WASHINGTON, Nov. 4, 1972 (UPI) - President Nixon Friday criticized George S. McGovern's remark that he would not feel compelled to pledge support to Nixon or to call for national unity - as is traditional - if he loses the election. "I have won some elections, I have lost some," Nixon said in Chicago Friday. "When I have won them, I have tried to do the best I could. When I have lost them, I have pledged my support to this country and I will continue to do so in all the years ahead."
Today Nixon scheduled a paid political radio address on foreign policy and Vietnam peace prospects for broadcast.
Afterwards, he will appear at airport rallies in Winston-Salem, N.C., Albuquerque, N.M. and Ontario, Calif., before winding up his San Clemente oceanside villa where he will stay until Tuesday's election.
Standing on the steps of the "Spirit of '76" airplane parked at the Providence, R.I., airport, Nixon spoke emotionally on the same theme he stressed in Chicago.
"I want to tell you," he said, "if I receive your votes and the votes of this nation, I will serve as well as I can.
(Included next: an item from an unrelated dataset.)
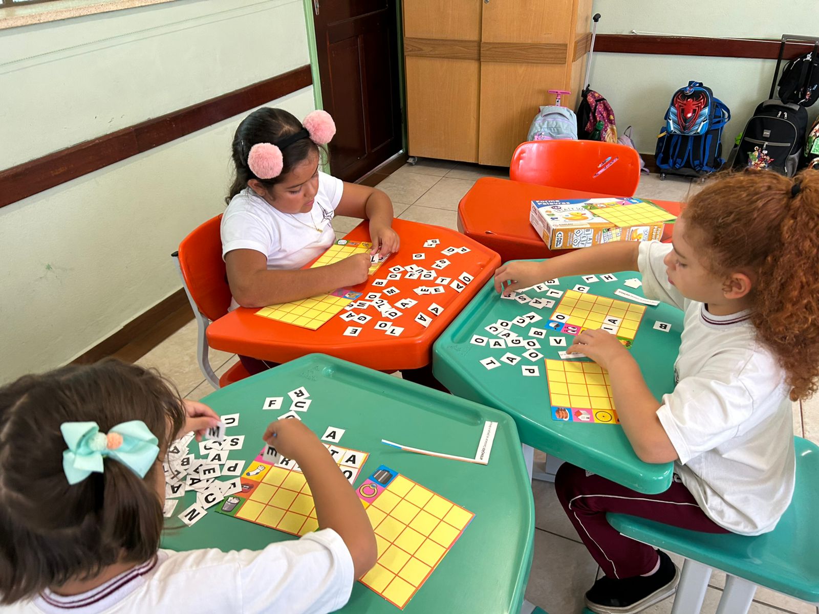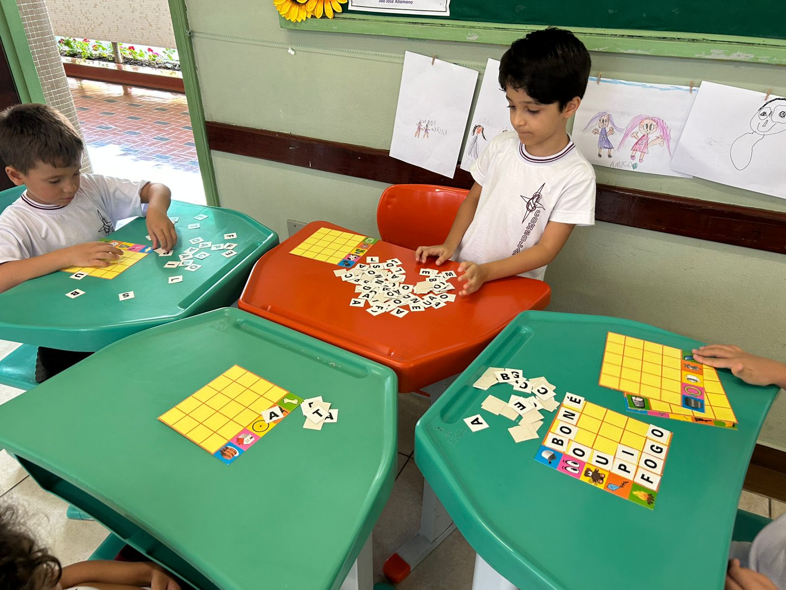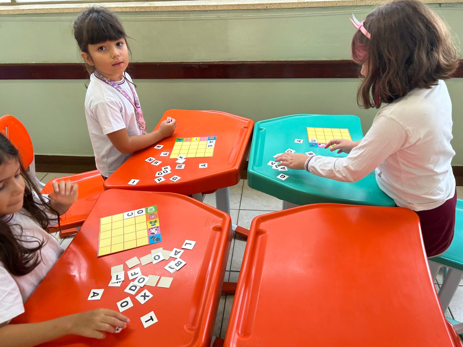 Em grupos, os alunos do 1º ano A, exploraram as letras móveis, montando palavras, trocando ideias e fortalecendo a leitura de forma lúdica e colaborativa.

If on the other hand, my friends, the verdict of the people of this nation should go to our opponent, then I will support what is best for America and not take the position that only if I win are we going to support whoever is president of the United States of America.
"The president comes first in the policies that he will be advocating. This does not mean we will not have differences, but it does mean that in our system we debate those differences intelligently. We listen when others speak. We try and do everything that we can in campaigning, and then in serving in office.
"But once the campaign is over, let us have the ability to pull this country together and to work together for a cause that is bigger than any party and bigger than any man, and that is to make the next four years the best four years in America's history."